Die Gesundheitswirtschaft ist der mit Abstand größte Wirtschaftszweig. Es ist mir wichtig, dass das auch öffentlich wahrgenommen und entsprechend wertgeschätzt wird und Gesundheit nicht plump als Kostenfaktor wahrgenommen wird. Letztlich ist das Gesundheitswesen nämlich kein Kostenfaktor, sondern ein dynamischer Wirtschafts- und Beschäftigungsmotor. Bei meiner Arbeit stand deshalb immer im Zentrum, dass sich die Akteure der Gesundheitswirtschaft selbst ihres Potenzials bewusst werden und auch mit entsprechendem Selbstvertrauen öffentlich auftreten.

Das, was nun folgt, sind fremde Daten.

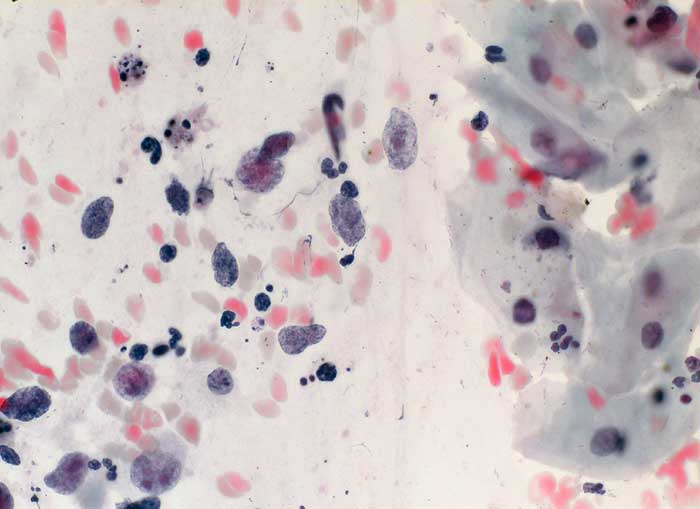 Maligne Lymphome der Zervix sind selten. Meist handelt es sich um die Manifestation eines generalisierten Lymphoms in der Zervix und nicht um ein primäres Zervixlymphom. Beim diffusen grosszelligen B-Zell Lymphom lassen sich einzeln liegende atypische blastäre Zellen nachweisen, die mindestens zweimal so gross sind wie kleine Lymphozyten. Die Kerne sind vesikulär und enthalten einen solitären zentralen oder mehrere periphere Nukleolen. Ausserdem sind Apoptosen, kleine Lymphozyten, Plasmazellen und Makrophagen zu sehen. Der Ausstrichhintergrund enthält oft Detritus.
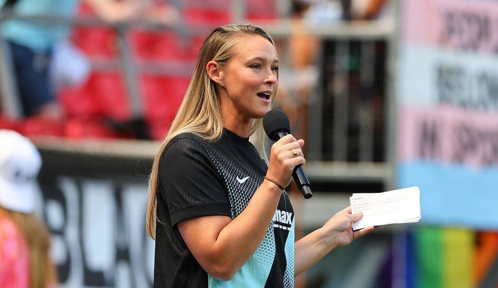 Kylie Kelce talks to the audience before an NWSL game on August 9, 2025 at Sports Illustrated Stadium in Harrison, New Jersey. (Rich Graessle/Icon Sportswire via Getty Images)
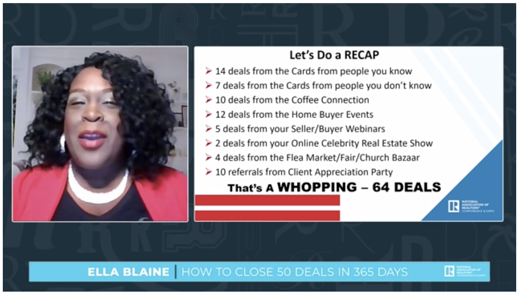 Coach Ella Blaine, who is a real estate coach and founder of Real Estate Ladies Rock FB group, offered tips on how to achieve the goal of closing 50 deals annually and go even further in her webinar at the 2020 Realtors Conference and Expo.
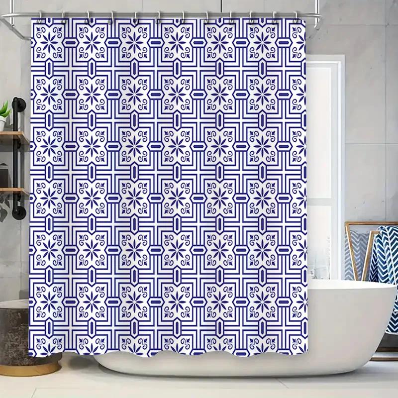 Blue White Tile Pattern Shower Curtain Waterproof Home Decor Bathroom Decoration 180x240cm TPU Material High Density Printing
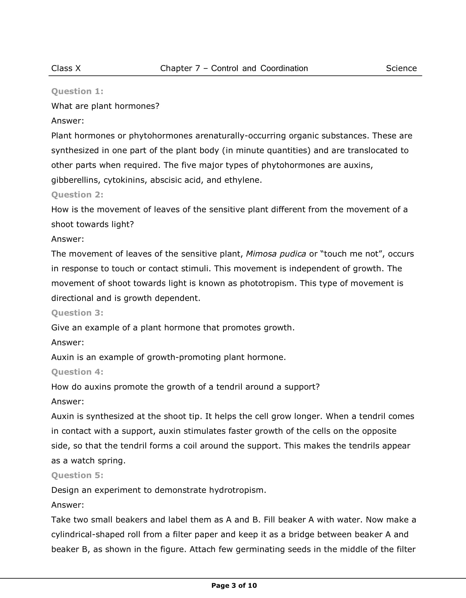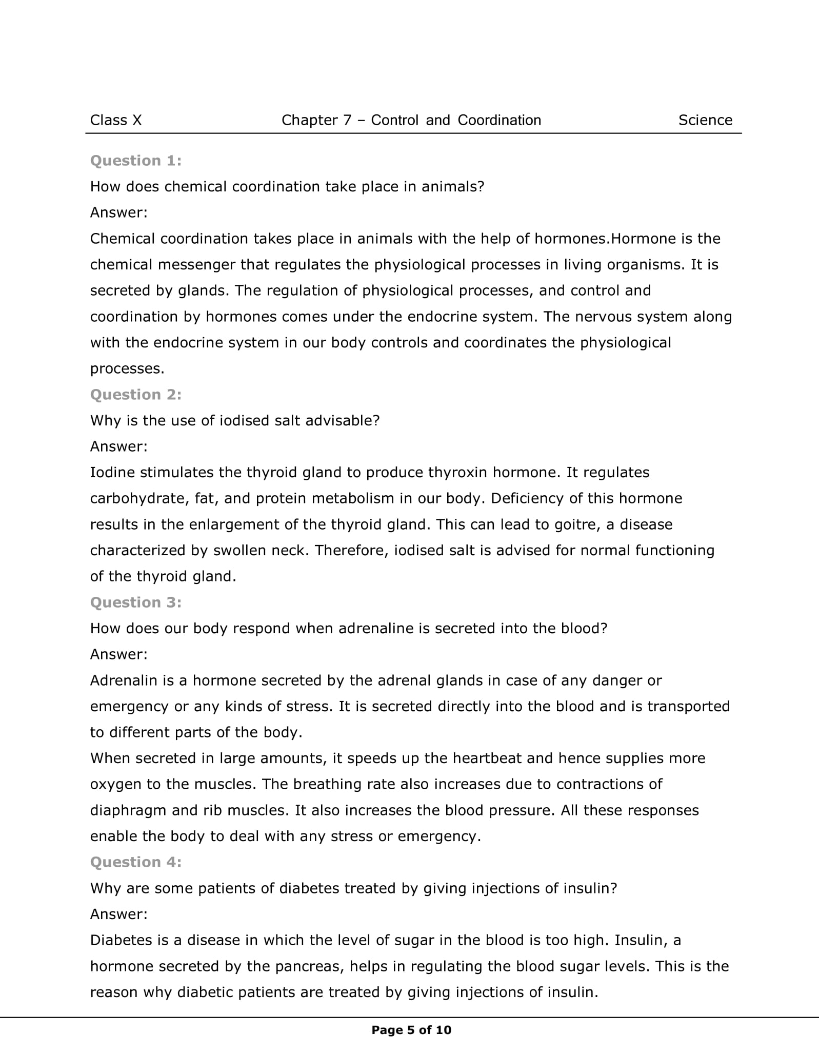 These CBSE NCERT Solutions for Class 10 Science Chapter 7 Control and Coordination will help you to practice all the topics in the chapter with ease and score maximum marks in the board examination.
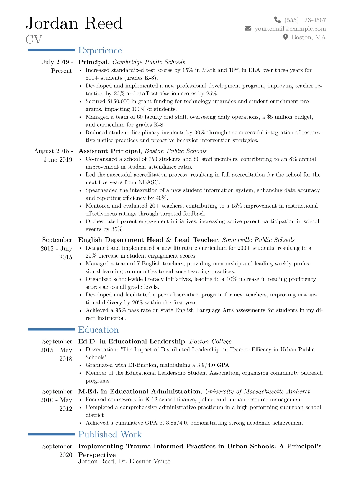 This impressive template was expertly crafted using JobSprout’s professional CV builder. Aspiring Principals can easily customize and remix this example to create a compelling resume that truly reflects their unique qualifications and career aspirations.
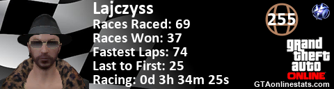 <a href="http://GTAonlinestats.com/showplayer/Lajczyss"><img src="http://GTAonlinestats.com/racesignature/Lajczyss/sig.png" alt="Lajczyss" border="0" /></a>
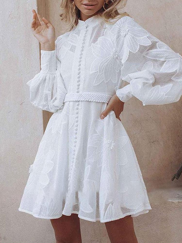 Chic White Embroidered Patchwork Dress with Elegant Stand Collar for Women
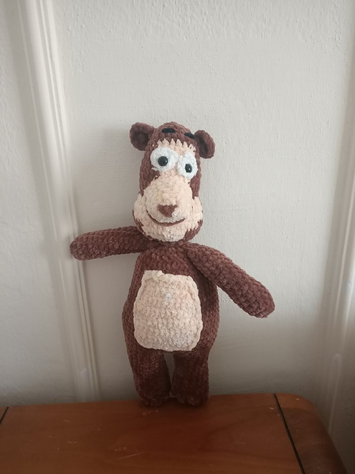 Kahverengi ve somon tonlarında, yumuşak dokulu peluş ayıcık oyuncak. Detaylı yüz ifadesiyle samimi bir görünüm sağlar. Çizgi film karakteri Masha ve Koca ayı dan esinlenilmiş Koca ayı amigurumi oyuncak
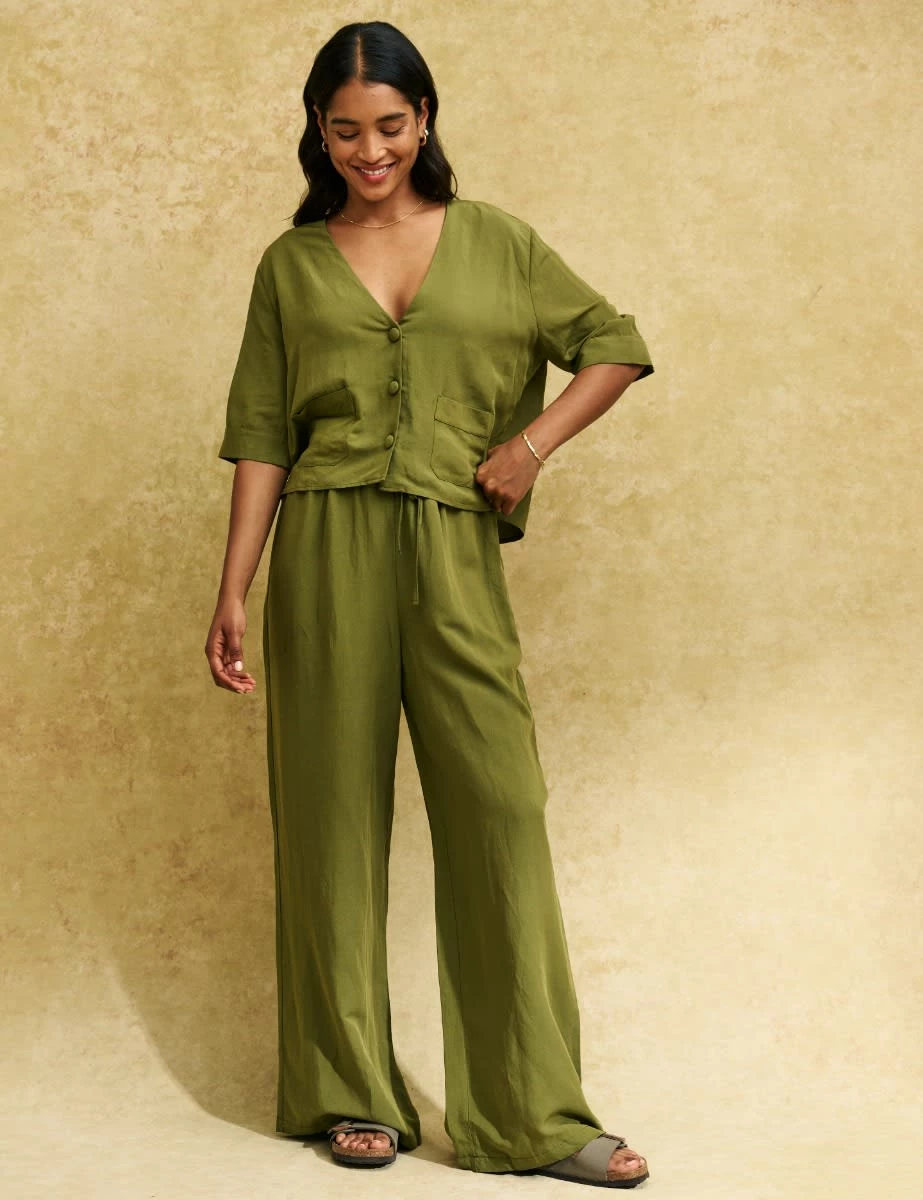 A boxy shirt is so easy to wear. Made from responsible viscose blended with a touch of linen, this khaki one’s perfect for summer. Style yours with high waisted denim.

5. Wie wird sich die Gesundheitswirtschaft in den nächsten Jahren entwickeln?

Weiterhin positiv. Dazu kommt, dass sich die Qualität der Versorgung und der Angebote enorm verbessern werden. Es wird aber auch eine differenziertere Debatte über die Leistungen der Branche und aller Akteure geben. Alle zusammen müssen sich darauf einstellen, dass das System transparenter wird und sie ihre Leistungen und deren Preise argumentieren und rechtfertigen müssen. Die Branche selbst wird auch künftig kräftig wachsen, wenn auch in einigen Bereichen die Margen zurückgehen werden.